Now, we must combine the images, using np.concat(), combining along the columns (axis = 1). First, however, we need to ensure the dtypes match! If we don’t we get an unexpected result:

# Combine the images, non-matching `dtype`s...
look_at_me = np.concat([camera, rotated_mirror_camera], axis=1)
plt.imshow(look_at_me);

Oops. This has occurred because ski.transform.rotate() has converted the image to the float64 dtype, whereas the original is uint8:

# The attributes of the original image (look at the `dtype`).
show_attributes(camera)

Type: <class 'numpy.ndarray'>
dtype: uint8
Shape: (512, 512)
Max Pixel Value: 255
Min Pixel Value: 0

# The attributes of the rotated mirror image (look at the `dtype`).
show_attributes(rotated_mirror_camera)

Type: <class 'numpy.ndarray'>
dtype: float64
Shape: (512, 512)
Max Pixel Value: 1.0
Min Pixel Value: 0.0

Using ski.util.img_as_ubyte() will ensure that the pixel values match, giving us our final, surreal result:

# Ensure matching `dtype`s.
rotated_mirror_camera = ski.util.img_as_ubyte(rotated_mirror_camera)
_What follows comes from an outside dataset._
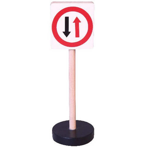 - Drewniany znak drogowy – pierwszeństwo dla nadjeżdżających z przeciwka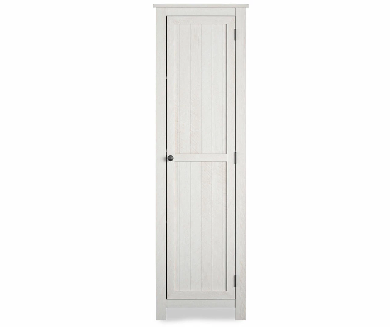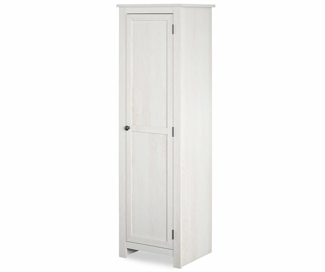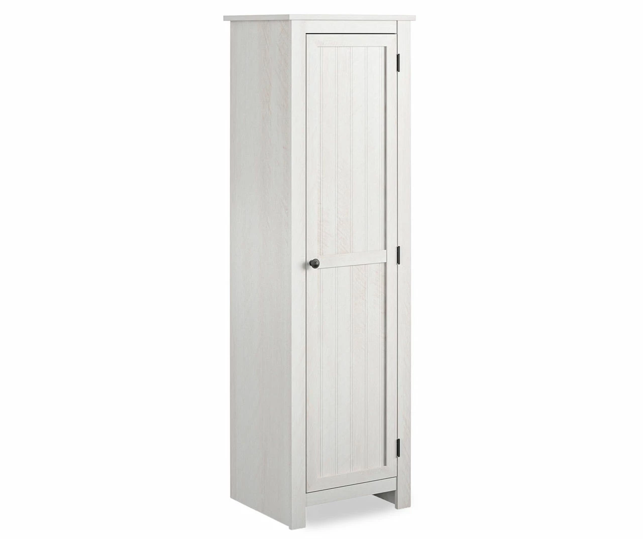 Store and organized anything from canned goods to small appliances in modern farmhouse design using the Ameriwood Lincoln single door kitchen pantry. This beautiful storage solution features an off-white woodgrain finish paired with a beaded door insert to bring a rustic touch to your kitchen. Opening the door reveals four interior shelves with adjustable options for all your culinary and houseware needs. This versatile piece can also be used in any room of your home to add valuable storage where you need it most.

# Combine the images and show the result.
look_at_me = np.concat([camera, rotated_mirror_camera], axis=1)
plt.imshow(look_at_me);

If in doubt, check the dtype!

Exercise 14

For this exercise, you should load in the cat image from ski.data. Here is the original cat image:

cat = ski.data.cat()
plt.imshow(cat)

<matplotlib.image.AxesImage at 0x7f1b10289450>

The original image has the following attributes:

show_attributes(cat)

Type: <class 'numpy.ndarray'>
dtype: uint8
Shape: (300, 451, 3)
Max Pixel Value: 231
Min Pixel Value: 0

Now, using only numpy and skimage, try to recreate this target image:

…poor cat!

Your output image should have the following attributes:

Type: <class 'numpy.ndarray'>
dtype: float64
Shape: (30, 30, 3)
Max Pixel Value: 0.76
Min Pixel Value: 0.0

Hint: Note the yellow tinge to the image. You can achieve this tinge by modifying the weights of the colors in the image.

# YOUR CODE HERE

Solution to Exercise 14

The solution here again involves multiple steps. First we load in the cat image:

# Load in and show the `cat` image.
cat_solution = ski.data.cat()
show_attributes(cat_solution)
plt.imshow(cat_solution);

Type: <class 'numpy.ndarray'>
dtype: uint8
Shape: (300, 451, 3)
Max Pixel Value: 231
Min Pixel Value: 0

Next, to replicate the yellow-y tone of the target image, we “switch off” the blue color channel (because red + green = yellow):

# Make it yellow!
cat_solution[:, :, 2] = 0
plt.imshow(cat_solution);

The target image has the .shape (30, 30, 3); the original image has the .shape (300, 451, 3).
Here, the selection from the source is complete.